We provide several standalone, runnable examples demonstrating generated MCP tools, protobuf options, validation constraints, and integration with the official Go, Python, Kotlin, Java, TypeScript, and JavaScript SDK paths. Check out the examples/ directory for:

• 1_helloworld - Minimal Quickstart setup.
• 2_weather_api - Read-only queries, validation limits, Oneofs.
• 3_file_manager - Destructive tools and schema-based string parameter constraints.
• 4_crm_system - A full mock system with FieldMask partial updates, custom icons mapping, schemas nested types, and advanced array filters.
• 5_python_standalone - A Python-only user-style project with its own pyproject.toml, easyp.yaml, generated bindings, and stdio server.
• 10_python_protobuf_standalone - A Python-only user-style project that opts into python_handler=dataclass+protobuf and implements the raw *_mcp_pb.py sidecar with *_pb2 classes.
• 6_java_standalone - A Java user-style project with its own Gradle build, easyp.yaml, protobuf contract, and generated MCP sidecar.
• 7_kotlin_standalone - A Kotlin user-style project with its own Gradle build, easyp.yaml, protobuf contract, and generated MCP sidecar.
• 8_typescript_standalone - A TypeScript user-style project with its own npm package, tsconfig.json, easyp.yaml, Protobuf-ES output, generated MCP sidecar, and stdio server.
• 9_javascript_standalone - A JavaScript consumption proof that imports compiled generated .js output and .d.ts metadata from the TypeScript standalone project.
• jvm - A Java/Kotlin official SDK workspace with Gradle-managed protobuf generation, lang=java / lang=kotlin sidecars, installDist scripts, and stdio verification.

Agent Skill

Install the skills.sh agent skill to let your AI coding assistant build MCP servers with protoc-gen-mcp:

npx skills add easyp-tech/protoc-gen-mcp-skill

The skill source lives in a separate repository: easyp-tech/protoc-gen-mcp-skill.

The skill teaches agents the full workflow: define proto → configure easyp → generate → implement handler → serve.
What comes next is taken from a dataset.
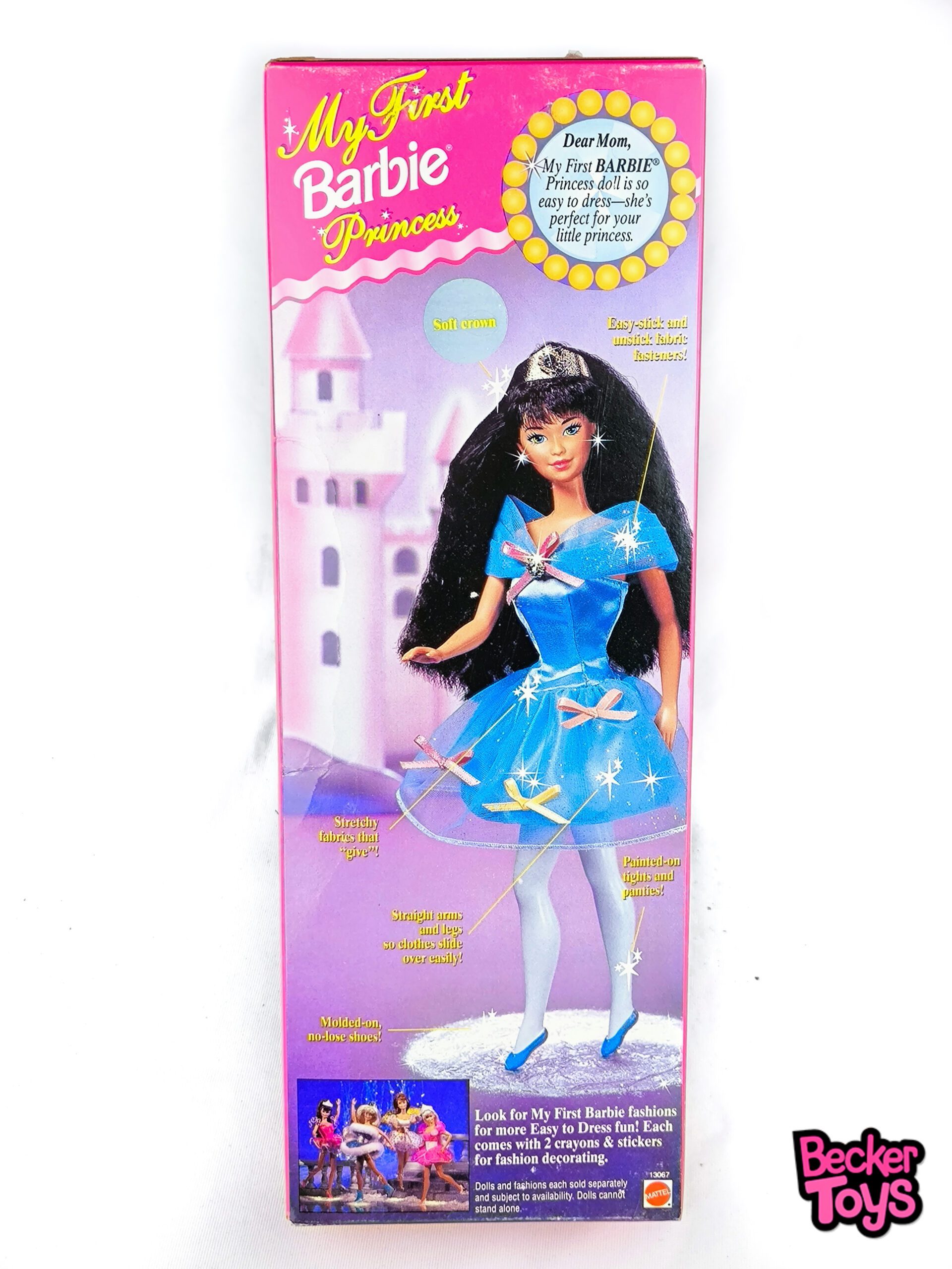 La caja presenta ilustraciones de castillos y mensajes dirigidos a madres, destacando la facilidad de uso y seguridad del producto. Como pieza NRFB, esta edición es especialmente valorada por coleccionistas que buscan diversidad en la línea Barbie, muñecas de iniciación o lanzamientos temáticos de princesas.
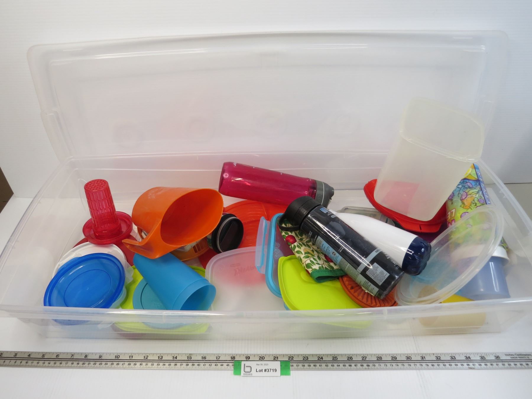 Long Tote w/Assorted Plastic kitchen Items - Water Bottles

It covers proto options, requiredness policy, ProtoJSON contract, and common patterns.

Generation With Easyp

The intended workflow is easyp, not manual protoc invocation. For mixed Go/Python/JVM/Node projects, easyp can drive protoc-gen-go, the standard Python protobuf generator, Protobuf-ES, and protoc-gen-mcp from one config.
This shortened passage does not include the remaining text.